Please give back the listing below word for word, without the images.

AVAILABLE DATA:

*-*-*

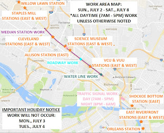 WEEKLY RE-CAP Sun., June 25 - Sat., July 1This week on Broad Street, station construction continued at Allison East; Cleveland East and West; Science Museum East and West; Staples Mill East and West; and VCU/VUU East and West stations. On E. Main Street, station construction continued at Orleans, East Riverfront and Shockoe Bottom East. Waterline relocation is expected to finish at Willow Lawn, shifting to Arts District West next week. Traffic signal work progressed on Broad St. and E. Main Street.
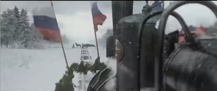 Волшебный российский монтаж и вот уже после лета наступает зима, ну видимо других времен года в России нету. По путям едет нарисованный царский поезд, зачем-то увешанный государственными флагами под самую завязку.
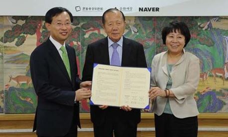| ▲ 김상헌 네이버 대표이사, 김동호 문화융성위원장, 나선화 문화재청장(왼쪽부터)이 업무협약을 마치고 기념사진을 찍고 있다. | ||
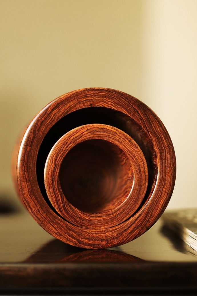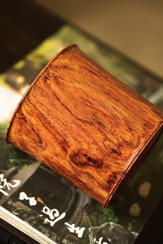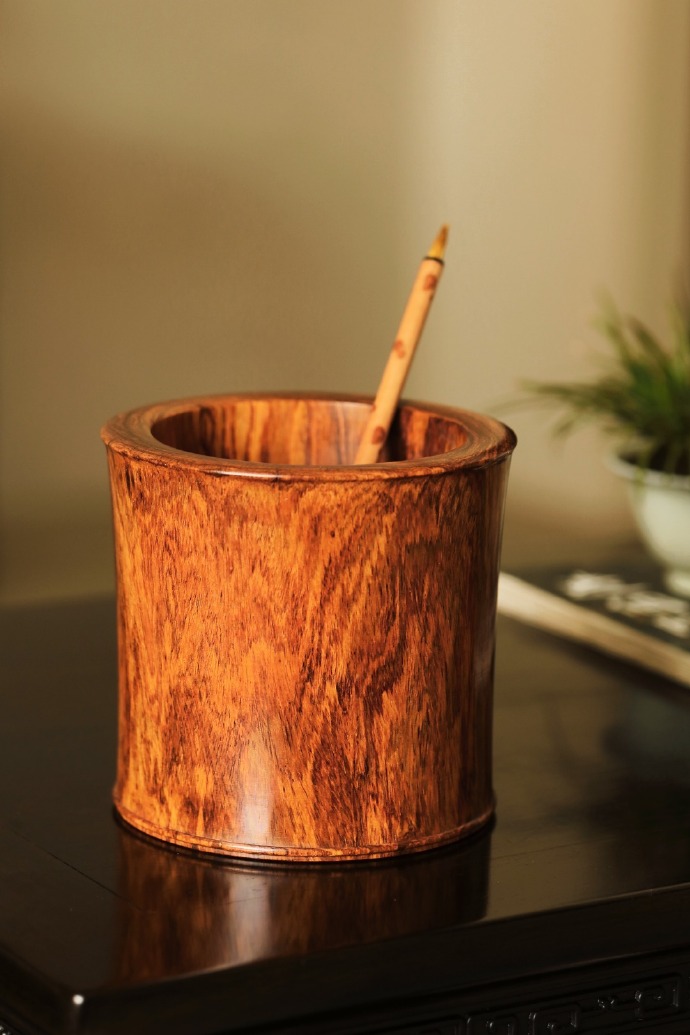 择取老料一木两器,降香浓郁,周身光素纹美质坚。整体造型端庄规整,简约雅致,尽显黄花梨瑰丽气质,又饱含文雅书卷气,文房案头陈设品香,久经摩玩承传。

*-*-*

REPLY:
 WEEKLY RE-CAP Sun., June 25 - Sat., July 1This week on Broad Street, station construction continued at Allison East; Cleveland East and West; Science Museum East and West; Staples Mill East and West; and VCU/VUU East and West stations. On E. Main Street, station construction continued at Orleans, East Riverfront and Shockoe Bottom East. Waterline relocation is expected to finish at Willow Lawn, shifting to Arts District West next week. Traffic signal work progressed on Broad St. and E. Main Street.
 Волшебный российский монтаж и вот уже после лета наступает зима, ну видимо других времен года в России нету. По путям едет нарисованный царский поезд, зачем-то увешанный государственными флагами под самую завязку.
| ▲ 김상헌 네이버 대표이사, 김동호 문화융성위원장, 나선화 문화재청장(왼쪽부터)이 업무협약을 마치고 기념사진을 찍고 있다. | ||
 择取老料一木两器,降香浓郁,周身光素纹美质坚。整体造型端庄规整,简约雅致,尽显黄花梨瑰丽气质,又饱含文雅书卷气,文房案头陈设品香,久经摩玩承传。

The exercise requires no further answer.